In depth
Few projects listed
In contrast to previous years, when the PGP had grown quite voluminous, the 2025-2026 PGP is significantly slimmed down and lists only 105 projects (not including the list of regularly scheduled publications that appear in the appendix, such as the revenue rulings setting forth applicable federal rates for various purposes). This is fewer than half of the number of projects included on prior years’ PGPs — in previous years, the PGP appeared to be more of an “aspirational” list of guidance projects that Treasury and IRS wanted to reassure taxpayers were still on their radar, rather than a list of guidance projects that Treasury and IRS could realistically expect to publish over the course of the coming year. The new format appears more pragmatic, and it is reasonable for taxpayers to expect that Treasury and the IRS will publish most, if not all, of the projects identified on the 2025-2026 PGP by June 30, 2026.
Observation: The fact that a guidance project is not listed on the 2025-2026 PGP does not necessarily indicate that Treasury and IRS staff are not working on such a guidance project at all but rather that Treasury and IRS do not expect to publish additional guidance on that topic by June 30, 2026.

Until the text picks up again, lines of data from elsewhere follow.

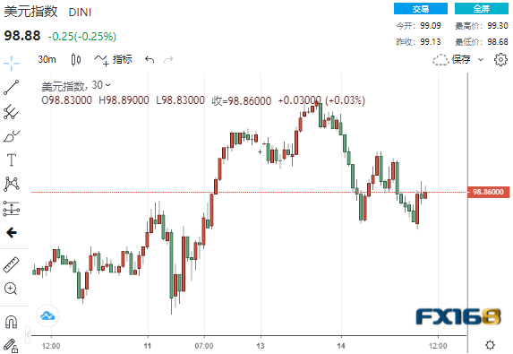 亚市盘中,美元指数上涨,接近22个月高位,但欧洲市场开盘后小幅走低,美市盘中延续跌势并刷新日低至98.68。
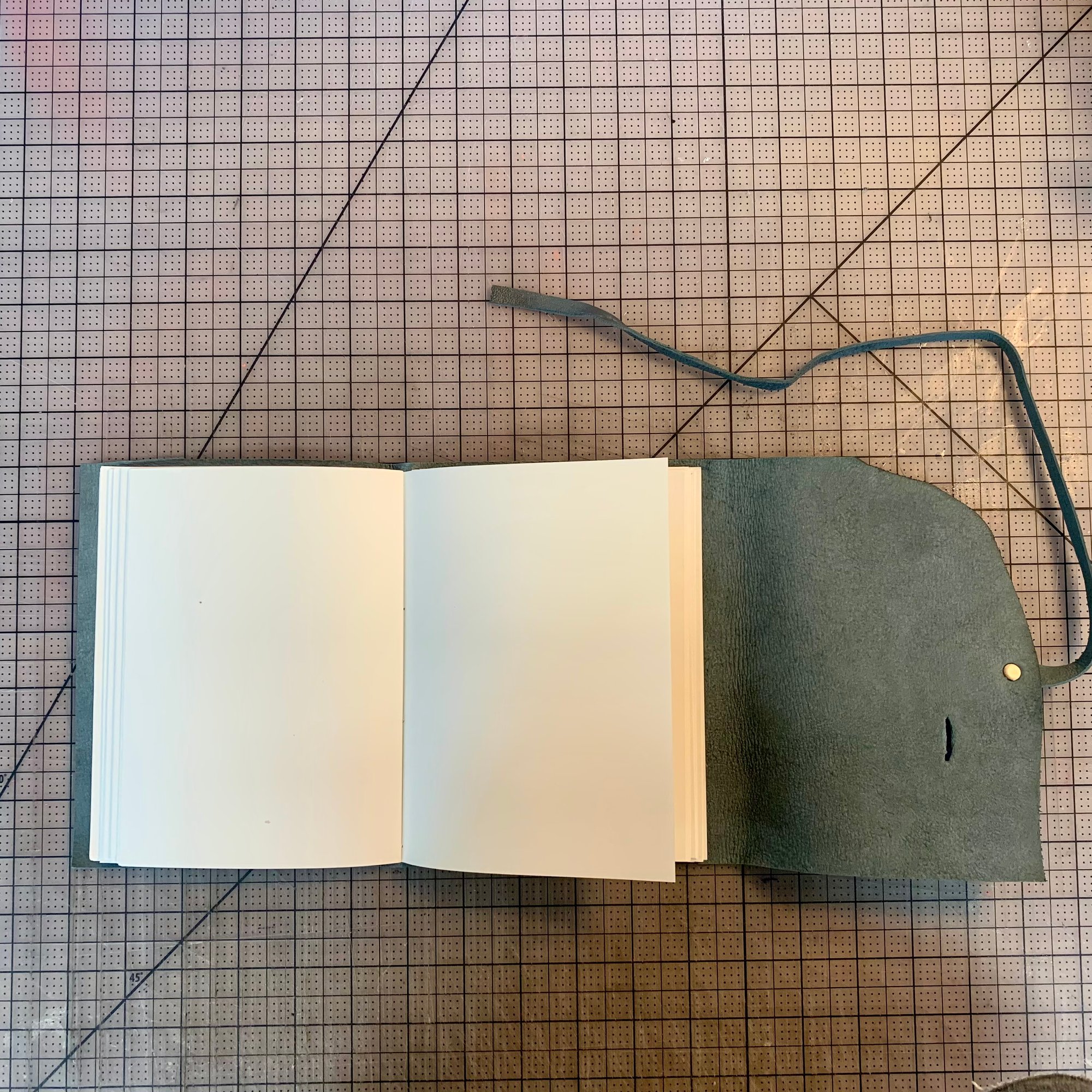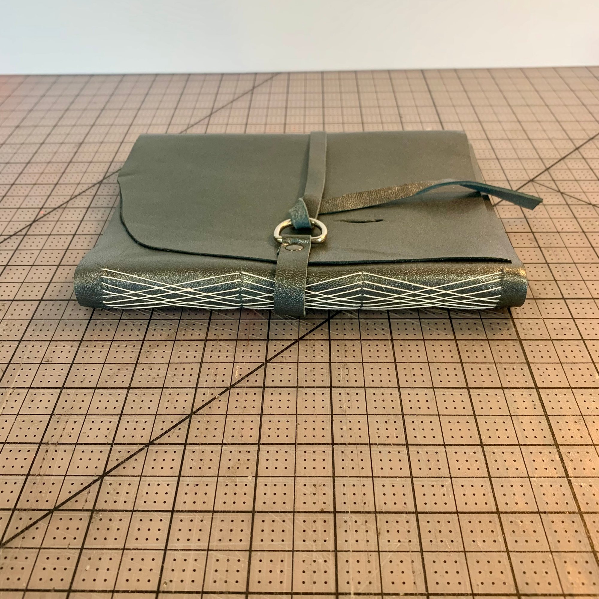 Chrome leather with white and brown cross stitching. Leather wrap closure. 80 blank pages of high quality text paper
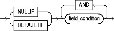 A field condition (field_condition) compares a named field or an area of the record to a specified value. When the condition evaluates to true, the specified function is performed. For example, a true condition might cause the NULLIF function to insert a NULL data value, or cause DEFAULTIF to insert a default value. The syntax for field_condition is:
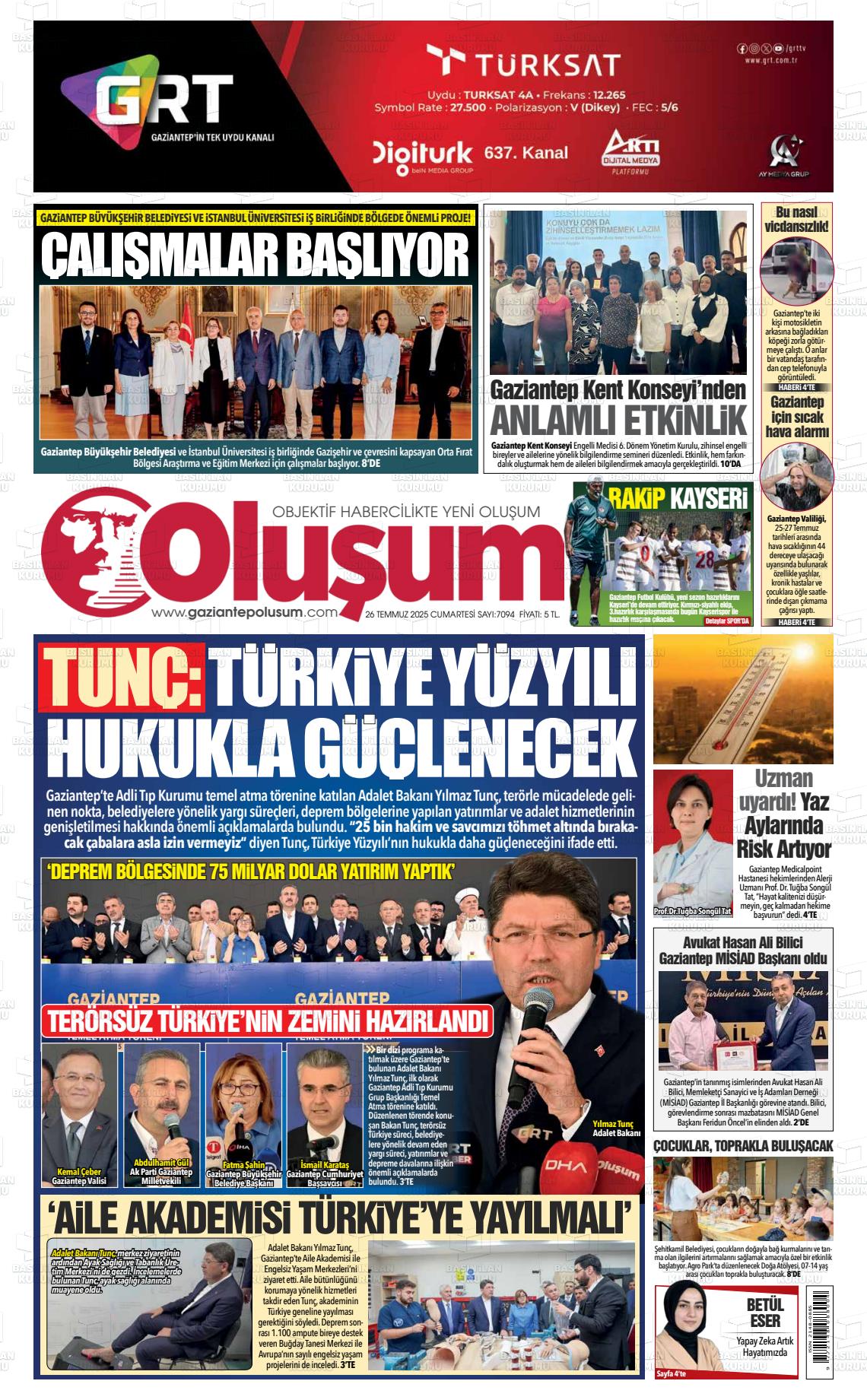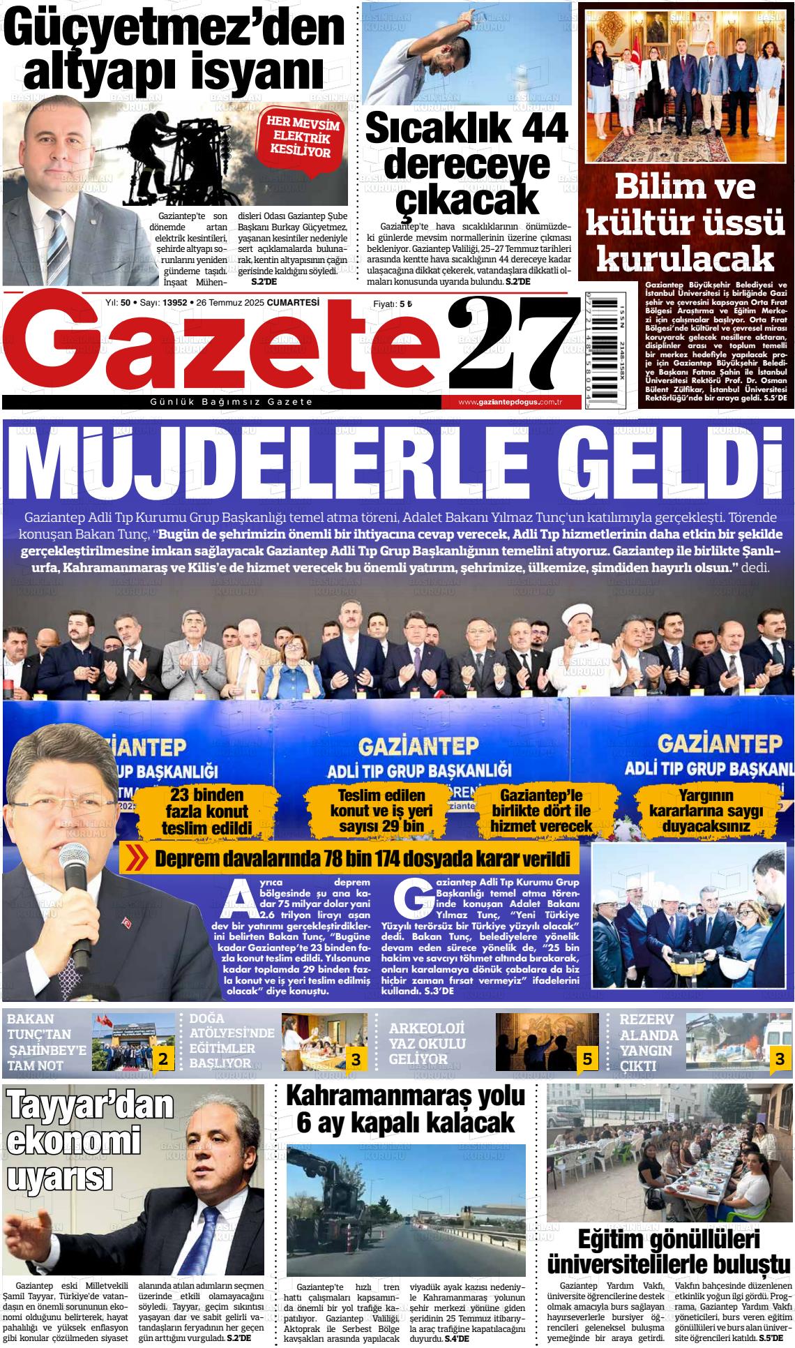 Gazİantep Yerel Gazeteleri 13 Kasım 2025, Perşembe Günü Manşeti

Substantial reorganization
The format of the 2025-2026 PGP has also been substantially reorganized from prior years, where projects were grouped by technical topics (such as Consolidated Returns, Corporations and Their Shareholders, Financial Institutions and Products). This year’s PGP is organized into categories such as the scope of each category is easier for non-tax professionals to understand. The PGP has identified the following categories for guidance:
- One, Big, Beautiful Bill Act (OBBBA) implementation
- Deregulation and burden reduction
- Section 501(c)(3) issues
- Tribal tax issues
- Digital assets
- SECURE 2.0 Act and other guidance
While taxpayers’ specific circumstances will dictate which guidance projects are of the greatest interest to them, it should not be surprising that, as a general matter, the categories for OBBBA implementation and deregulation and burden reduction have garnered the most attention since the PGP was published.
OBBBA implementation
The 40 guidance projects listed in this category are practically a CliffsNotes version of the OBBBA’s highest-profile provisions. Some of these provisions are effective in 2025 — such as the “no tax on tips” and “no tax on overtime” provisions — which likely explains why Treasury and IRS have continued to make progress on these guidance projects even during the shutdown of the federal government (such as by holding a hearing on the proposed regulations for “no tax on tips” and issuing Notice 2025-62, granting penalty relief for information reporting for the new tips and overtime provisions for the 2025 calendar year). Similarly, section 898(c)(2) is repealed for taxable years of specified foreign corporations beginning after November 30, 2025, suggesting that we are likely to see at least preliminary guidance on this change by late November.
If Treasury’s actions to issue guidance under the Tax Cuts and Jobs Act during President Trump’s first term are any indication, taxpayers can likely expect Treasury and IRS to work to issue OBBBA guidance as expeditiously as possible.
Deregulation and burden reduction
Given President Trump’s interest in deregulatory actions and reducing burdens across the administration, it should come as no surprise that the 46 guidance projects listed in this category appear second on the PGP. The projects listed here are a combination of recommendations for deregulatory projects from taxpayers and other outside stakeholders, as well as the result of Treasury and IRS’s own internal review of existing guidance projects.
For example, many commenters had requested withdrawal or other changes to the funding rule in section 4501’s excise tax on stock buybacks and were likely pleased to see that final regulations under section 4501 are included on the deregulation and burden reduction list.
Observation: There are two “catch-all” items that appear on this list: (1) “[a]dditional notices removing unnecessary Internal Revenue Bulletin guidance” and (2) “[r]egulations eliminating unnecessary tax regulations,” so taxpayers should not assume that, if a project isn’t explicitly listed on the deregulation and burden reduction list, it is automatically off the table.
Conclusion
While time will tell whether this streamlined approach to drafting the PGP is a more accurate representation of the projects that Treasury and IRS anticipate publishing by the June 30 PGP-yearend, it does helpfully emphasize Treasury’s top guidance priorities. Taxpayers would be well advised to review the items listed on the 2025-2026 PGP and prioritize their government engagement on the items listed there.